The scene is Petrograd, capital of Russia until 1918, teeming with foreigners, functionaries and those who serve them. It is the foreign eyewitnesses whom Rappaport coalesces her research around, and as she surely envisions her primary readership will be. We are on the streets with the embassy employees, their wives and family members, living the expat life in a grand city full of subtext and disillusion. Readers hoping for a close-up commentary from a single voice will be disappointed as Rappaport steers the handheld camera lens of her research down numerous avenues, side streets and alleys alongside 80 individual witnesses.

The tremendous wave of revolution transforms the city itself into a prime witness to the revolution. Readers will mine this work for names they recognize and discover new heroes among the unsung women working as journalists, nursing staff and revolutionary organizers – from the women warriors defending Mother Russia against German invasion to those who boldly take over the telephone exchange.

As Lenin consolidates his position, foreigners surrender their immunity to face the emergence of political forces suspicious of privilege, traditionally held power and economic superiority. James Stinton Jones, Westinghouse engineer at work on the tram system in Petrograd, observed: "The poorer classes of Russia … find themselves a political factor, they are hopelessly at sea, the prey of the last unscrupulous demagogue they have heard." Rappaport calls our attention to the eyewitness observations of the past, providing ample opportunity for contemporary comparisons to fuel lively book discussion.
The Book That Matters Most: A Novel
by Ann Hood
The Book that Matters Most (6/20/2016)
I read this as an ARC and was not disappointed. Anne Hood delivers a thoughtful and well-plotted novel that travels some familiar territory that should please her fans. Providence and Paris again feature in the action and are wonderful supporting players. The terrain of the book group is quite familiar - I lead discussion groups - and is authentically communicated. (What lengths we facilitators will go to with garb and gourmet treats to draw out the introvert bookworm!)

The many sides of grief are laid out for the reader to choose from for engaging with empathy. The classic mother-daughter dynamic is explored and there is a depth of understanding exhibited in these pages that is truly heartbreaking. The terrifying world of addiction and the youthful vulnerability to predators is as horrifying as the forest of grief. You may not like these characters but you will not be able to look away.

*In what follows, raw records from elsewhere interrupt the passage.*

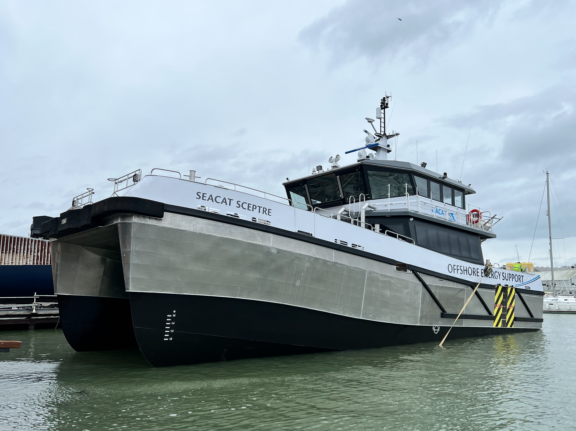 The Chartwell Seacat Sceptre, built at the Diverse Marine yard in Cowes, Isle of Wight, for offshore wind energy service operator Seacat Services, is undergoing sea trials.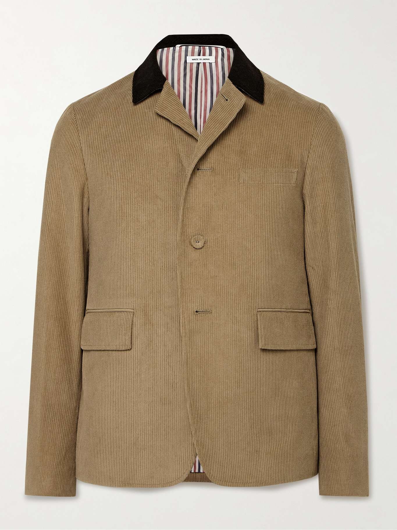 Designed to be worn with the matching trousers, Thom Browne's blazer has been made in Japan from cotton-corduroy. It's detailed with a contrasting dark-brown wool collar and has the label's signature grosgrain stripes along the inside of the functioning buttoned cuffs.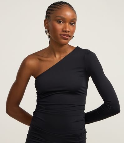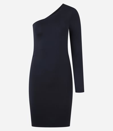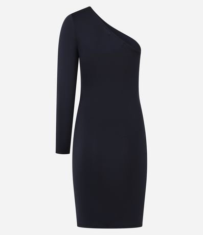 Ref: Vestido feminino curto, confeccionado em poliamida, de modelo ombro único, com manga longa e detalhe lateral de franzido.
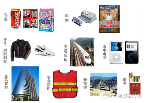 、侔凑沼猛究梢苑譃椋喊b、皮革、紡織制鞋、印刷、交通運(yùn)輸、家電及電子產(chǎn)品、家具及建筑材料、安全防護(hù)、新能源用復(fù)合聚氨酯膠粘劑等;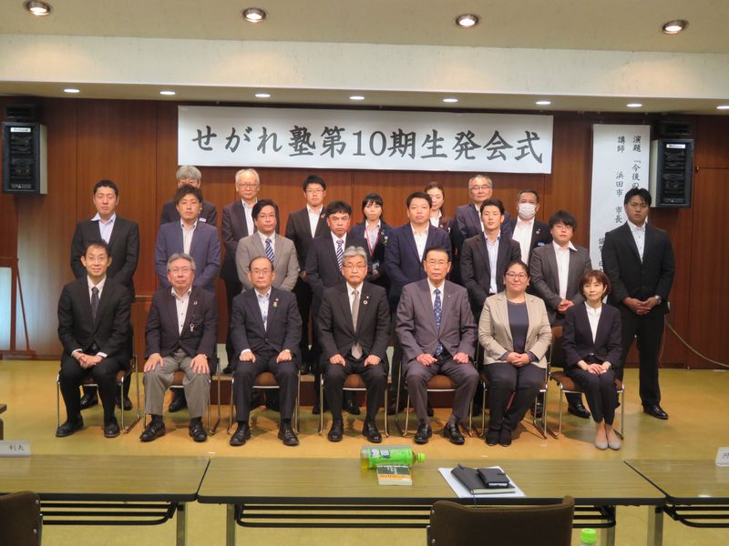 今日は、午前中、市内の某企業の新入社員研修の第4回目をおこない、午後からは浜田市に移動し、何度か報告しています日本海信用金庫のせがれ塾の10期生の入会式に、講師の1人としてご招待を頂き出席しました。
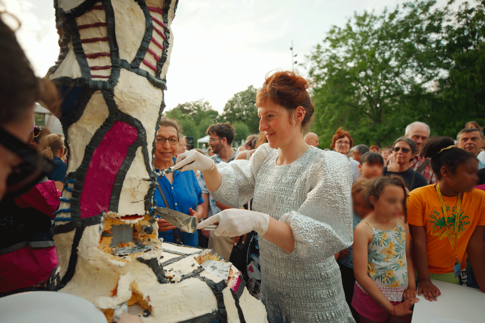 Pour les 20 ans du MAC VAL, nous avons concocté un gâteau-sculpture hors norme. Une pièce montée , réplique de "Chaufferie avec cheminée" la plus haute sculpture polychrome de Dubuffet jamais installée et édifiée devant le musée en 1996.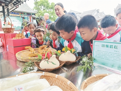 ■小学生在活动现场参观即墨非物质文化遗产“田横糈糕”。
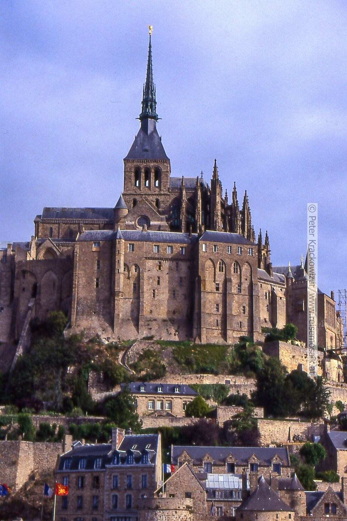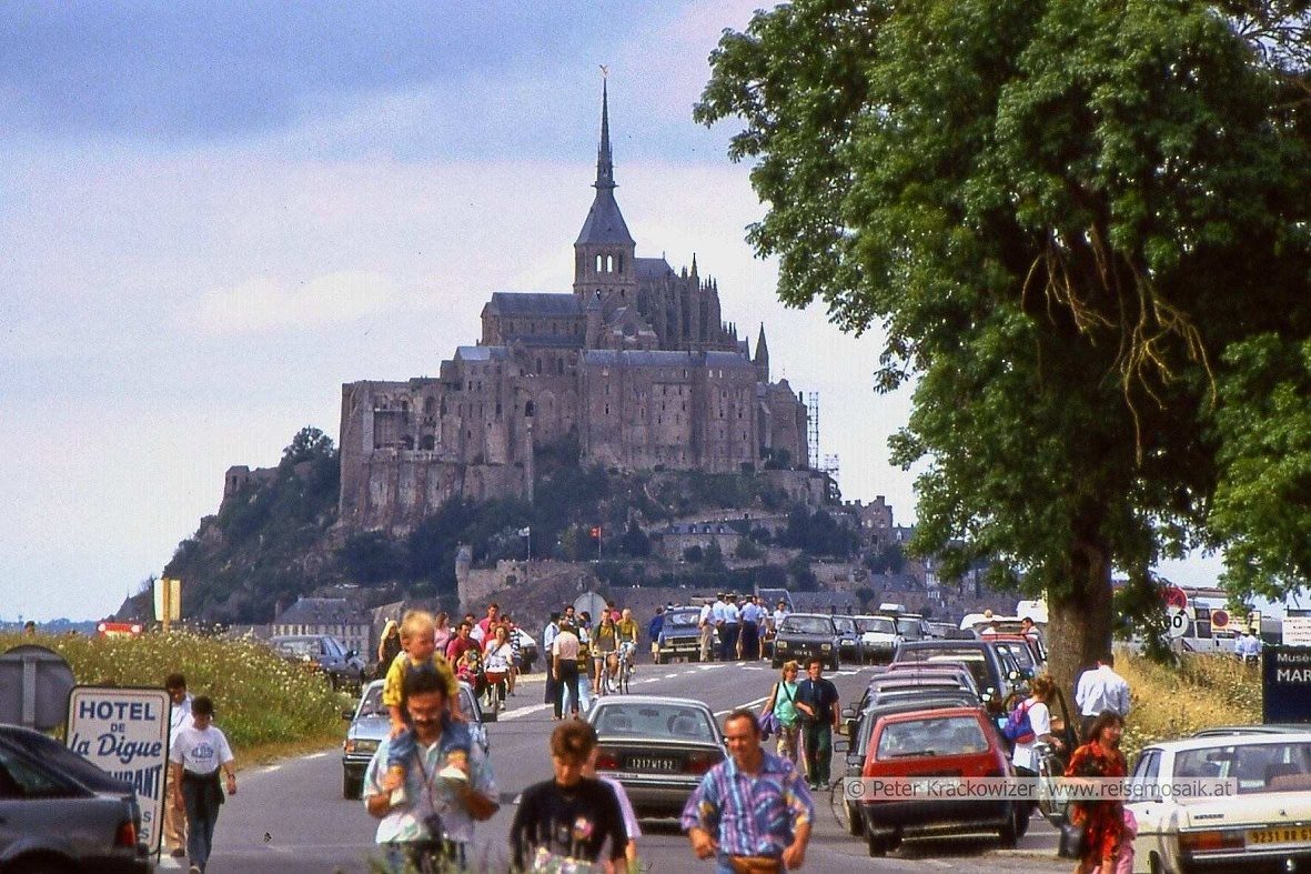Blick zum Kloster auf der Insel Mont Saint-Michel im Sommer 1993

As for the power of books, Hood gives us a classic list of choices to beef up our own reading lists and doses her novel quite masterfully with the most alluring of literary devices and themes of each. And what tragic story does not crave a redemptive happy ending?

Elegantly drawn characters and the strong sense of place, added to my reading groups' familiarity with the nearby setting of Providence, will seed our book discussion with many piquant questions.